First, recall the dimensions of each quantity in terms of mass (M), length (L), time (T), and current (I):

• Electronic charge $$ e $$ has dimension $$[I T]$$.
• Bohr radius $$ a_0 $$ has dimension $$[L]$$.
• Planck's constant $$ h $$ has dimension $$[M L^2 T^{-1}]$$.
• Speed of light $$ c $$ has dimension $$[L T^{-1}]$$.

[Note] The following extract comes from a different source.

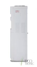 Кулер "Экочип" V21-LN white+silver. Бюджетный аналог классической модели Ecotronic Н1. Напольный кулер Без охлаждения. Цвет белый с серебристой вставкой. Тип кранов подачи воды - "Нажим кружкой". Бак нагрева 1,1 л неразборый.
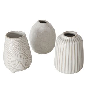 Маленькие вазочки Minas de Riotinto - находка для ценителей лаконичных уютных вещиц для дома! Каждый сосуд индивидуален: создатели этой коллекции явно не скупились на креативные решения. Однако разница в фактурах и формах не лишает цветочные вазы стилистического единства: в соседстве друг с другом белые сосуды из керамики способны создать красивый акцент в интерьере и стать дополнением для небольших цветочных композиций.

The capacitance $$ u $$ has the dimension $$[M^{-1} L^{-2} T^4 I^2]$$. We assume $$ u $$ is proportional to $$ e^a \times a_0^b \times h^c \times c^d $$, so the dimensional equation is:

$$ [M^{-1} L^{-2} T^4 I^2] = [I T]^a \times [L]^b \times [M L^2 T^{-1}]^c \times [L T^{-1}]^d $$

Expanding the right side:

$$ [I T]^a = I^a T^a $$

$$ [L]^b = L^b $$

$$ [M L^2 T^{-1}]^c = M^c L^{2c} T^{-c} $$

$$ [L T^{-1}]^d = L^d T^{-d} $$

Combining these, the right side becomes:

$$ M^c \times L^{b + 2c + d} \times T^{a - c - d} \times I^a $$

Equating dimensions with the left side:

For mass (M): $$ c = -1 $$

For current (I): $$ a = 2 $$

For time (T): $$ a - c - d = 4 $$

Substituting $$ a = 2 $$ and $$ c = -1 $$:

$$ 2 - (-1) - d = 4 $$

$$ 2 + 1 - d = 4 $$

$$ 3 - d = 4 $$

$$ -d = 1 $$

$$ d = -1 $$

For length (L): $$ b + 2c + d = -2 $$

Substituting $$ c = -1 $$ and $$ d = -1 $$:

$$ b + 2(-1) + (-1) = -2 $$

$$ b - 2 - 1 = -2 $$

$$ b - 3 = -2 $$

$$ b = 1 $$

Thus, the exponents are $$ a = 2 $$, $$ b = 1 $$, $$ c = -1 $$, $$ d = -1 $$. The expression for capacitance is:

$$ u \propto e^2 \times a_0^1 \times h^{-1} \times c^{-1} = \frac{e^2 a_0}{h c} $$

Comparing with the options:

• Option A: $$ u = \frac{e^2 a_0}{h c} $$ matches.
• Option B: $$ u = \frac{h c}{e^2 a_0} $$ is the reciprocal.
• Option C: $$ u = \frac{e^2 c}{h a_0} $$ does not match.
• Option D: $$ u = \frac{e^2 h}{c a_0} $$ does not match.

Hence, the correct answer is Option A.